O bildirgeye rağmen... Çeşitli eyaletlerde "siyahlara evinin bahçesinde uzamış otlar için 531 dolar, huzur bozma iddiası için 427 dolar, karakola götürülmeye karşı koyma için 777 dolar ceza" kesiliyor.

O bildirgeye giden yolda siyahların özgürlüğü için en büyük mücadeleyi verenlerden biri din adamı, sosyolog Martin Luther King... Sivil itaatsizlik, şiddetsiz protestonun simge ismi Martin Luther 1963 yılında Washington'da iki yüz bin kişiye seslendiği konuşmasına hitabet sanatına armağan ettiği efsane sözleriyle başlıyor, "bir hayalim var". Devam ediyor:

"İnsanlar derilerinin rengi ile değil, karakterleriyle yargılanmalı."

1964 yılında Nobel Barış Ödülü'nü kazanıyor. Mücadele siyahlara kağıt üstünde olsa bile, belli özgürlükler tanırken, çok geçmiyor, 1968 yılında öldürülüyor.

Ve yeniden isyan!.. Bütün Amerika’yı sarıyor...

Siyah boyun bağı, siyah eldiven

1968 Meksika Olimpiyatları'nda 200 metre şampiyonu Amerikalı siyah atlet John Carlos ikinciliği kazanan Avustralyalı beyaz atlet Peter Norman’a ödül töreni için şeref kürsüsüne çıkarken soruyor:

- Sen insan haklarına inanıyor musun?

- İnanıyorum.

- Tanrıya inanıyor musun?

- Bütün kalbimle.

Carlos ve aynı yarışta üçüncülüğü kazanan yine siyahi Amerikalı Tommy Smith, Norman ile anlaşıyorlar. Kürsüye çıktıklarında, hafızalara kazınmış olan o muhteşem görüntü.
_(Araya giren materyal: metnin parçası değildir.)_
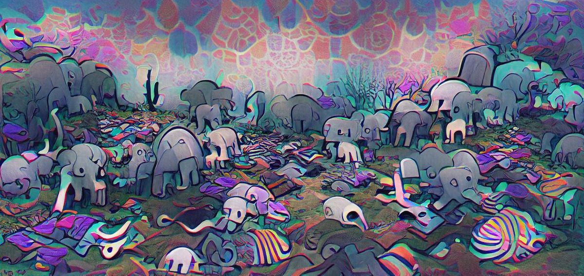 This image depicts a psychedelic elephant graveyard. The vibrant colors and surreal style create an otherworldly atmosphere, with a dreamlike quality.

American Milli Marşı çalarken birinci olan Smith sağ eline siyah eldiven, boynuna siyah boyun bağı, Carlos ise, sol eline siyah eldiven takıyor, üst eşofmanının fermuarını açık tutuyor.

Boyun bağ siyahların gururunu, eldiven siyahların gücünü, fermuarın açık tutulması ezilen işçileri temsil ediyor.

Kürsüye çıplak ayakla çıkıyorlar, yoksulluğu temsil etmek üzere. Başları kederle öne eğik, sıkılı yumruklar havada.

Beyaz atlet Avustralyalı Norman "dayanışma adına" kalbinin üstüne insan hakları için olimpiyat projesi hareketinin kokartını iğneliyor. Siyahlara özgürlük ve eşitlik, Martin Luther cinayetini lanetleme anlamındaki protesto olimpiyatları gölgede bırakıyor, dünya "Amerika’daki eşitsizliği, köleleştirilen siyahlara reva görülen ikinci sınıf insan muamelesini" bir kez daha derinden hissediyor.

Tören biter bitmez, Amerikan Olimpiyat Komitesi Carlos ile Smith’in spor kariyerine son veriyor, Avustralyalı beyaz atlet Peter Norman ise, ülkesine döndüğünde, kimse onun yüzüne bakmıyor, tehdit ve işsizlikle birlikte eşi de ondan boşanıyor.

Ama üçü de, siyasi ve spor tarihine eşi olmayan bir sayfa açıyor.

1936 Jesse Owens

Atletizmde, basketbolda, pek çok spor dalında bakın Amerikan sporcularına, "Amerika’yı temsil eden atlet ve oyuncuların neredeyse tamamı siyah". İş oraya gelince, Amerikalı beyazlar siyahlarla göğüs kabartıyor!..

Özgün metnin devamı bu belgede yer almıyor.